Z pomocy asystentów podatników mogą skorzystać mikroprzedsiębiorcy, tzn. te firmy, które zatrudniają mniej niż 10 osób (średnio w roku) i wykażą łączny obrót ze sprzedaży netto mniejszy niż 2 mln euro rocznie (zgodnie z art. 107 ustawy o swobodzie działalności gospodarczej).

Zobacz: Sejm: będzie asystent podatnika dla nowych przedsiębiorców >>

Według wyliczeń MF z pomocy asystentów podatników skorzysta średnio ok. 288 000 przedsiębiorstw. Samych pracowników urzędów zajmujących się doradztwem na rzecz petentów ma być ok. 1420-1832 w skali kraju.

Wprowadzenie niniejszej instytucji uzasadnione jest realizacją zasad prawa podatkowego – tak wynika z ministerialnego raportu. W tym m.in. zasady pomocniczości, powszechności, informowania. W tym miejscu trzeba powiedzieć, że zasady prawa, to takie normy które wyznaczają ramową interpretację innych norm prawnych. Powoływanie się zatem na realizacje zasad prawa przy tworzeniu nowej instytucji jest zabiegiem merytorycznie chybionym.

Asystent podatnika ma mu pomagać przez 18 miesięcy od zarejestrowania firmy. Czy to znaczy, że będzie świadczył przez ten czas usługi księgowe? Z pewnością nie. Raczej będzie doradzał, wskazywał jak wypełnia się deklaracje, jakie dokumenty trzeba złożyć do urzędów, jak rozliczyć się z fiskusem. Nie zmienia to jednak faktu, że z firmom księgowym ubędzie klientów, którzy zdecydują się na prowadzenie samodzielnie księgowości.

Spójrzmy na sprawę także ze strony urzędnika. Otóż jego funkcjonowanie odbywa się w pewnych ramach prawnych. Działa on w imieniu administracji państwowej i jego wszelkie działania są usankcjonowane przepisami prawa. Zgodnie bowiem z art. 6 Kodeksu postępowania administracyjnego – organy administracji działają na podstawie przepisów prawa.

Dlatego też, za złe doradzenie podatnikowi, może narazić się on na odpowiedzialność majątkową bądź dyscyplinarną.

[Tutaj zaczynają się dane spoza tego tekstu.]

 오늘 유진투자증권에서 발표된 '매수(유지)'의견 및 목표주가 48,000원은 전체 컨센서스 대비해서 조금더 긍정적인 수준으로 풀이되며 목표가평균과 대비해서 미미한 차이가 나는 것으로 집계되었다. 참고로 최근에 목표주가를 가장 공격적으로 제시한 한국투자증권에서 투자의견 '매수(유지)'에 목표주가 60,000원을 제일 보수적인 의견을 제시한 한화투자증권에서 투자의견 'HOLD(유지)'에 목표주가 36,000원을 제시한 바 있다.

Jak wiadomo, prawo podatkowe jest interpretowane w sposób niespójny. Wszystko zależy od organu, który akurat dokonuje subsumcji prawa. W związku z tym rady, których udzieli nam asystent podatnika mogą różnić się od późniejszego rozstrzygnięcia organu administracji podatkowej.

Przepisy ustawy z 20 stycznia 2011 r. o odpowiedzialności majątkowej funkcjonariuszy publicznych za rażące naruszenie prawa jak najbardziej mają zastosowanie do asystenta podatnika. Urzędnik, który udzieli podatnikowi informacji niezgodnej z późniejszą decyzją będzie narażony na postępowania sądowe ze strony podatników.

Oczywiście przyczyn udzielenia informacji nie zgodnych ze stanem faktycznym może być wiele. Brak doświadczenia, skomplikowanie sprawy, różne interpretacje przepisów podatkowych, zmiana decyzji organu. Czyli to, z czym na co dzień spotykają się przedsiębiorcy.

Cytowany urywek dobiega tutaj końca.